Обращение Саросека на «ты», как к близкому товарищу, ослабило внутреннее напряжение, и Щетинкин ответил решительно:
— Хочу!
— Ну вот и хорошо, — обрадовался Саросек. — Мы тебе ответственное дело хотим поручить: возглавить уголовный розыск. Ты всех тут знаешь. Ну как? — Он серьезно посмотрел на растерявшегося Щетинкина.
— Не боитесь бывшему царскому офицеру такое дело доверить? — кривя в усмешке рот, спросил Петр Ефимович.
— Представь себе — нет. Все товарищи остановились на твоей кандидатуре. Бывшие твои солдатики здорово постарались: такую характеристику тебе выдали! — Саросек весело смотрел на Щетинкина своими пронзительно-черными глазами. Был он еще молод, на голове курчавая шапка волос, белозубая улыбка. «Пожалуй, мы ровесники с ним», — подумал Щетинкин.
— А может быть, по военной части, а? Все-таки бывший офицер… — неуверенно предложил он.

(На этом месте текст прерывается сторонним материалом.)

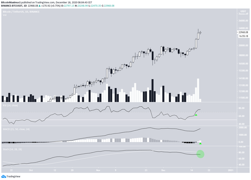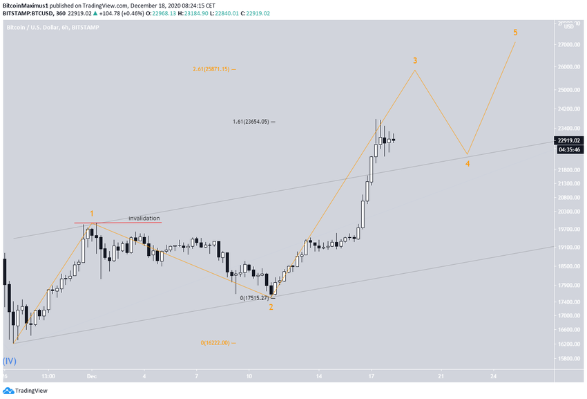 Курс биткоина (BTC) продолжает сохранять боевой настрой после того, как быкам удалось, наконец, взять область сопротивления $19 500. Накануне, 17 декабря цена обновила исторический максимум на $23 800, а затем сформировала небольшой верхний фитиль и немного отступила к $23 000.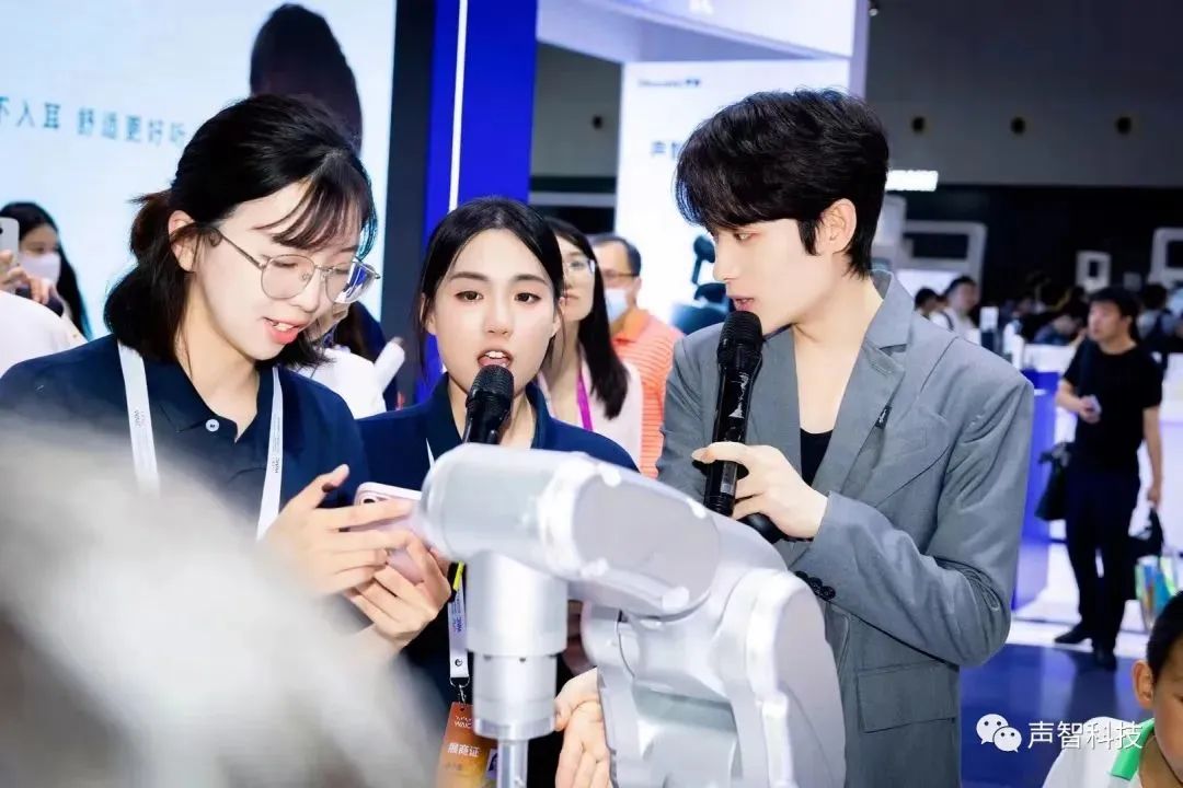 聲智形象大使井朧現(xiàn)場分享他嘗鮮使用云耳耳機(jī)的親身體驗(yàn),也與觀眾一起感受聲智前沿人工智能技術(shù)與應(yīng)用——Azero機(jī)械臂與“小易寫作”。

— Нет, нет! — решительно сказал Саросек. — Нужен человек опытный, знающий обстановку. Ты, как видно, недооцениваешь важности поручаемого тебе дела. Ильич говорит, что власть взять легче, нежели удержать ее. Мы испытываем это на практике. Ну а военное дело от тебя не уйдет.
Саросек рассказал, что в декабре семнадцатого создана Всероссийская чрезвычайная комиссия, которая стала органом беспощадной борьбы с контрреволюцией, саботажем и спекуляцией. Глупо было бы предполагать, что враги оставят Советскую власть в покое. Готовится общий заговор против Советской власти. В сибирских городах формируются подпольные боевые организации, во главе их стоят офицеры. Судя по всему, есть такая организация и в Ачинске.
Саросеку было известно, что сибирское контрреволюционное подполье разделено на два округа: западный — с центром в Томске — и восточный — с центром в Иркутске. Западный округ возглавляет полковник Гришин-Алмазов, восточный — полковник Эрлец-Усов. В Красноярске и Ачинске также существуют контрреволюционные отряды по нескольку сот человек. Заговором заправляют эсеры и монархисты. Контрреволюция ушла в подполье, но не сложила оружия.
— Сейчас эсеры, меньшевики и монархисты стоят на разных политических платформах — одни за буржуазную республику, другие за восстановление монархии. Но зато они едины в одном — задушить Советскую власть. Реальные силы контрреволюции будут нарастать. Потом они поднимут мятеж…
Так говорил Саросек, стараясь, очевидно, как можно конкретнее донести до сознания Петра Ефимовича важность поручаемого ему дела.
Кое-кого из этих офицеров Щетинкин в самом деле знал.
— Я согласен, — указал он Саросеку.
А тот продолжал:
— Ленин требует усиления карательной политики против контрреволюционеров, уголовников, спекулянтов. Он говорит, что диктатура есть железная власть, революционно-смелая и быстрая, беспощадная в подавлении как эксплуататоров, так и хулиганов.